While there is a global consensus of climate scientists on the reality of human-induced climate disruption, the details remain a bit fuzzy. Questions remain about how the process is unfolding, and the recent news that atmospheric CO2 concentrations are growing faster than models had predicted is disturbing (to say the least). There's still some uncertainty about the speed with which climate change is unfolding (although "slowly" may no longer be a credible scenario), and the scale of the disruption ("bad", "very bad", or "call Roland Emmerich").
But what does a reasonable person do when faced with the uncertain scale of quite likely disaster? Buy insurance.
Dr. Michael Schlesinger and Dr. Natalia Andronova at the University of Illinois at Urbana-Champaign, in the October 15 edition of Science, argue that an "insurance policy" approach is the best way to handle the likely need for mitigation of climate disruption and the uncertainty about its unfolding effects. They examined a number of possible scenarios, from "do nothing now" to "do everything now" against different scales of atmospheric sensitivity to greenhouse gases in order to determine the optimal approach. What they found is that the best combination of effectiveness and flexibility is to implement a gradually-rising carbon tax, starting at $10 per ton, climbing to $33 per ton in 30 years. $10/ton would amount to 5 cents per gallon of gasoline.
“It’s really a cost-minimization problem, given that we will eventually have to set a policy target sometime in the future,” Schlesinger said.“The idea is to search for the tax that provides the least cost over the whole period. If the tax is too low, you do too little in the beginning, then after 30 years you have to do a lot. On the other hand, if the tax is too high, you spend too much now, and you may have to do only a little later.”
The least cost, the researchers found, is to implement a carbon tax that starts out at $10 per ton of carbon (about five cents per gallon of gasoline) and then gradually climbs to $33 per ton in 30 years. Such hedging effectively “buys insurance” against future adjustment costs and is extremely robust, especially when compared with a wait-and-see strategy.

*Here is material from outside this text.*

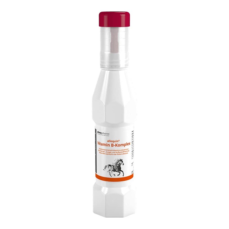 - almapharm Allequin vitamin B complex is a liquid supplementary feed for horses to compensate for deficiency with vitamins of the B complex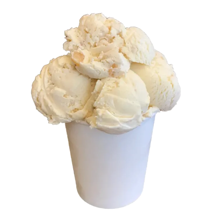 Ugandan vanilla ice cream with chunks of Heath toffee and chocolate flakes

“It would be much less expensive to buy low-cost, climate-change insurance now, than it would be to wait and act later,” Schlesinger said. People voluntarily purchase insurance as protection from extreme events when the risks are private, he said, but societies can require insurance when potential losses are distributed across a population. In the past, risk has influenced policies where voluntary action could prove insufficient.
The article is available at the Science website for subscribers, but the supporting material -- including many pages of the calculations that went into the scenarios -- can be downloaded for free (PDF).